**Exercise:**
The whole listing is to be restated word for word with no images.

**Supplied information:**
>>>>>

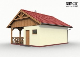 Garaż jednostanowiskowy w technologii szkieletowej, wolnostojący. Brama garażowa o wymiarach 2400x2400. Garaż posiada dodatkowe pomieszczenie gospodarcze i altanę.Zobacz garaż w wersjii murowanej.Projekt garażu składa się z czterech egzemplarzy a w tym części architektonicznej, konstrukcyjnej i instalacji wewnętrznej elektrycznej. W projekcie załączone są podstawowe zestawienie stali, drewna i stolarki okienno-drzwiowej. Do projektu dołączamy bezpłatną zgodę na wprowadzenie zmian, oświadczenie projektantów o wykonaniu projektu zgodnie z obowiązującymi normami i przepisami oraz kserokopie uprawnień projektantów wraz z aktualnym wpisem do izby.
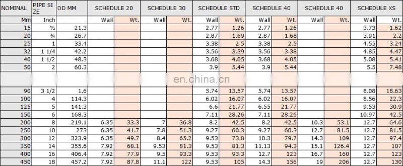 ASTM PIPE SCHEDULE: Wall Thickness in MM, Wt = Weight in Kg. / Mtr.
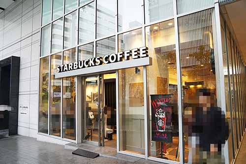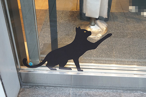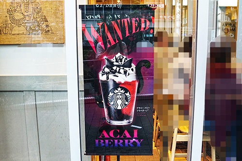 スターバックス コーヒー 秋葉原駅前店では、期間限定メニューの「アサイーベリーフラペチーノ」が販売されていました。フラペチーノには黒猫の耳をモチーフにしたチョコレートが飾ってあり、これに合わせて自動ドア横にも猫の装飾が施されていました。
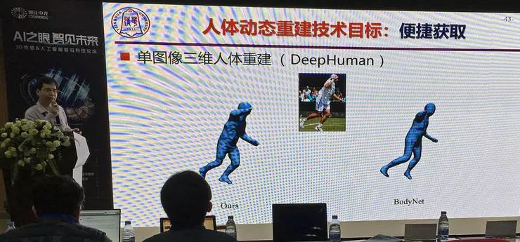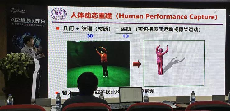 论坛第一个学术报告来自清华大学自动化系副教授、博导刘烨斌。他的报告题目是「人体动态重建技术前沿」。报告对人体动态重建这一研究课题,围绕便捷性和实时性两大目标的学术界相关研究成果回顾了技术发展历程,做了全方位的技术介绍。

<<<<<

**Answer box:**
 Garaż jednostanowiskowy w technologii szkieletowej, wolnostojący. Brama garażowa o wymiarach 2400x2400. Garaż posiada dodatkowe pomieszczenie gospodarcze i altanę.Zobacz garaż w wersjii murowanej.Projekt garażu składa się z czterech egzemplarzy a w tym części architektonicznej, konstrukcyjnej i instalacji wewnętrznej elektrycznej. W projekcie załączone są podstawowe zestawienie stali, drewna i stolarki okienno-drzwiowej. Do projektu dołączamy bezpłatną zgodę na wprowadzenie zmian, oświadczenie projektantów o wykonaniu projektu zgodnie z obowiązującymi normami i przepisami oraz kserokopie uprawnień projektantów wraz z aktualnym wpisem do izby.
 ASTM PIPE SCHEDULE: Wall Thickness in MM, Wt = Weight in Kg. / Mtr.
 スターバックス コーヒー 秋葉原駅前店では、期間限定メニューの「アサイーベリーフラペチーノ」が販売されていました。フラペチーノには黒猫の耳をモチーフにしたチョコレートが飾ってあり、これに合わせて自動ドア横にも猫の装飾が施されていました。
 论坛第一个学术报告来自清华大学自动化系副教授、博导刘烨斌。他的报告题目是「人体动态重建技术前沿」。报告对人体动态重建这一研究课题,围绕便捷性和实时性两大目标的学术界相关研究成果回顾了技术发展历程,做了全方位的技术介绍。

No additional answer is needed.